Synopsis

This is the Milestone Report for week 2 of the Coursera Data Science Capstone project.

The objective of this report is to develop an understanding of the various statistical properties of the data set that can later be used when building the prediction model for the final data product - the Shiny application. Using exploratory data analysis, this report describes the major features of the training data and then summarizes my plans for creating the predictive model.

The model will be trained using a unified document corpus compiled from the following three sources of text data:

The provided text data are provided in four different languages. This project will only focus on the English corpora.

The required packages used throughout this report are all listed here:

Environment Setup

Prepare the session by loading initial packages and clearing the global workspace (including hidden objects).

library(knitr)
rm(list = ls(all.names = TRUE))
setwd("~/Coursera/final/")

Load the Data

Download, unzip and load the training data.

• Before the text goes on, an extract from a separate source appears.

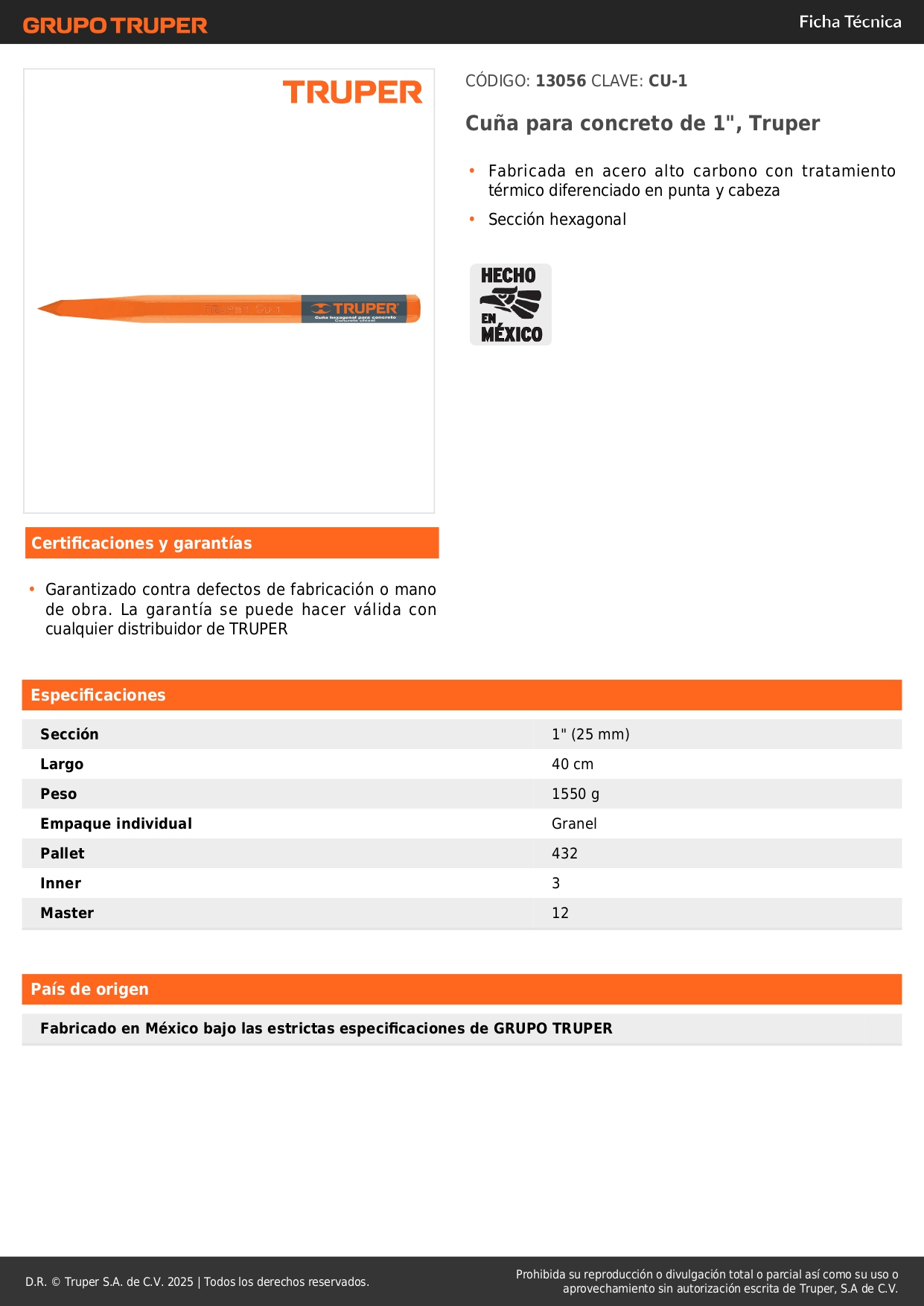 -Fabricada en acero alto carbono con tratamiento térmico diferenciado en punta y cabeza

trainURL <- "https://d396qusza40orc.cloudfront.net/dsscapstone/dataset/Coursera-SwiftKey.zip"
trainDataFile <- "data/Coursera-SwiftKey.zip"

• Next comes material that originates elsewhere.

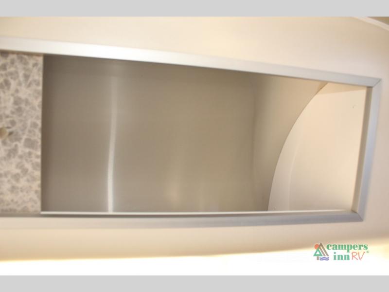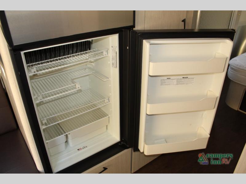 The galley has a sink, three burner range, and pantry on one side of the travel trailer. On the opposite side you will find a refrigerator.

if (!file.exists('data')) {
    dir.create('data')
}

if (!file.exists("data/final/en_US")) {
    tempFile <- tempfile()
    download.file(trainURL, tempFile)
    unzip(tempFile, exdir = "data")
    unlink(tempFile)
}

# blogs
blogsFileName <- "data/final/en_US/en_US.blogs.txt"
con <- file(blogsFileName, open = "r")
blogs <- readLines(con, encoding = "UTF-8", skipNul = TRUE)
close(con)

# news
newsFileName <- "data/final/en_US/en_US.news.txt"
con <- file(newsFileName, open = "r")
news <- readLines(con, encoding = "UTF-8", skipNul = TRUE)
close(con)

# twitter
twitterFileName <- "data/final/en_US/en_US.twitter.txt"
con <- file(twitterFileName, open = "r")
twitter <- readLines(con, encoding = "UTF-8", skipNul = TRUE)
close(con)

rm(con)

Basic Data Summary

Prior to building the unified document corpus and cleaning the data, a basic summary of the three text corpora is being provided which includes file sizes, number of lines, number of characters, and number of words for each source file. Also included are basic statistics on the number of words per line (min, mean, and max).

Initial Data Summary

File FileSize Lines Characters Words WPL.Min WPL.Mean WPL.Max
en_US.blogs.txt 200 MB 899288 206824505 37570839 0 42 6726
en_US.news.txt 196 MB 1010242 203223159 34494539 1 34 1796
en_US.twitter.txt 159 MB 2360148 162096241 30451170 1 13 47

The source code for the above table is in A.1 Basic Data Summary in the Appendix section.

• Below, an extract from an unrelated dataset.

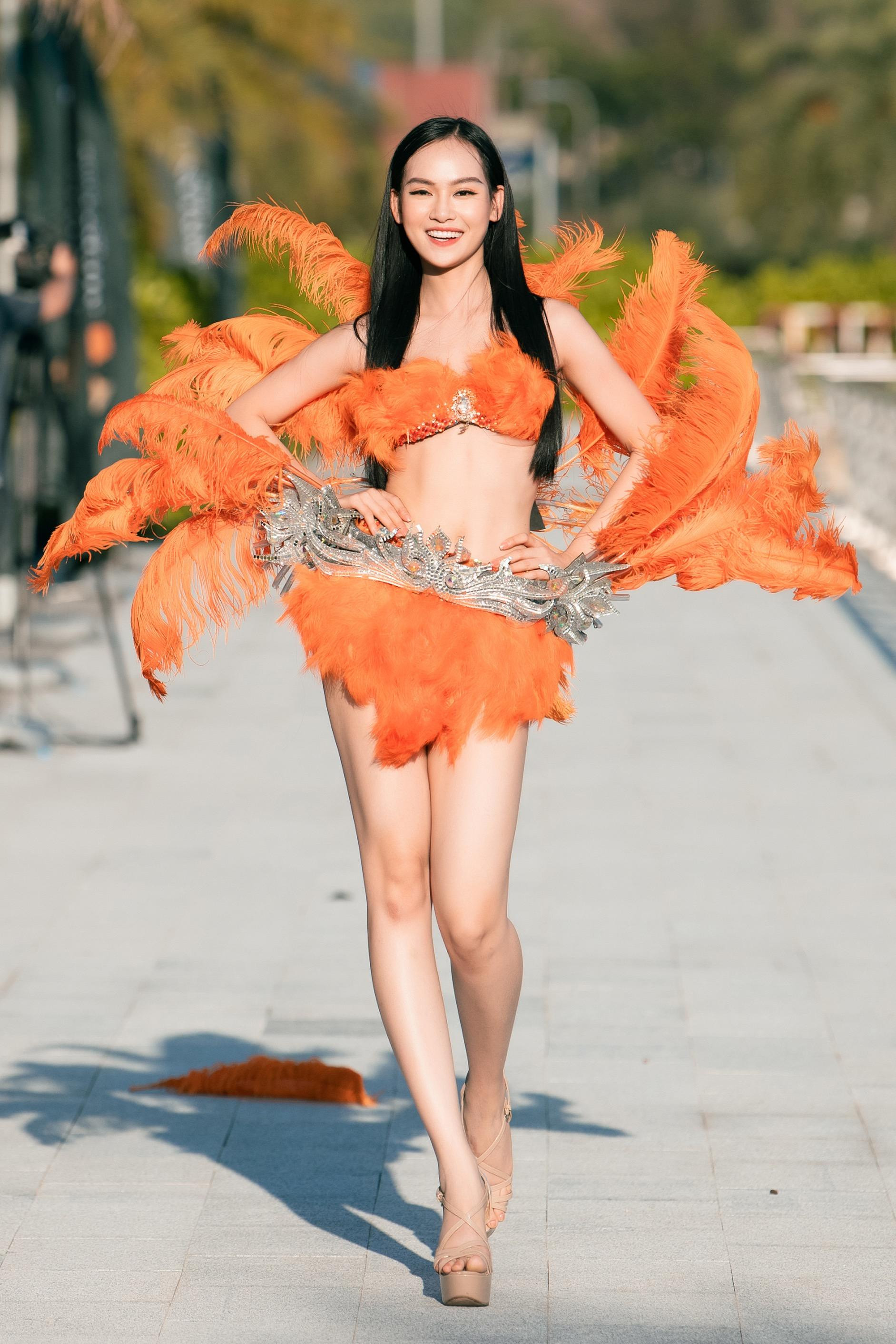 Trong trang phục đến từ Nhà thiết kế Jessica, mỗi bộ cánh là một tác phẩm nghệ thuật với thiết kế đặc sắc, trang hoàng công phu và ấn tượng, mang đậm không khí lễ hội mùa hè. Đây chính xác là cơ hội để các cô gái thể hiện kỹ năng cũng như body sau thời gian dài tập luyện.

An initial investigation of the data shows that on average, each text corpora has a relatively low number of words per line. Blogs tend to have more words per line, followed by news and then twitter which has the least words per line. The lower number of words per line for the Twitter data is expected given that a tweet is limited to a certain number of characters. Even when Twitter doubled its character count from 140 to 280 characters in 2017, research shows that only 1% of tweets hit the 280-character limit, and only 12% of tweets are longer than 140 characters. Perhaps after so many years, users were simply trained to the 140-character limit.

Another important observation in this initial investigation shows that the text files are fairly large. To improve processing time, a sample size of 1% will be obtained from all three data sets and then combined into a unified document corpus for subsequent analyses later in this report as part of preparing the data.

Histogram of Words per Line

## Registered S3 methods overwritten by 'ggplot2':
##   method         from 
##   [.quosures     rlang
##   c.quosures     rlang
##   print.quosures rlang

The relatively low number of words in the three source files charted earlier in this section is also visible in the histogram plots shown above. This observation seems to support a general trend towards short and concise communications that may be useful later in the project.

The source code for the above plot is in A.2 Histogram of Words per Line in the Appendix section.

Prepare the Data

Prior to performing exploratory data analysis, the three data sets will be sampled at 1% to improve performance. All non-English characters will be removed from the subset of data and then combined into a single data set. The combined sample data set will be written to disk which contains 42,695 lines and 1,020,235 words.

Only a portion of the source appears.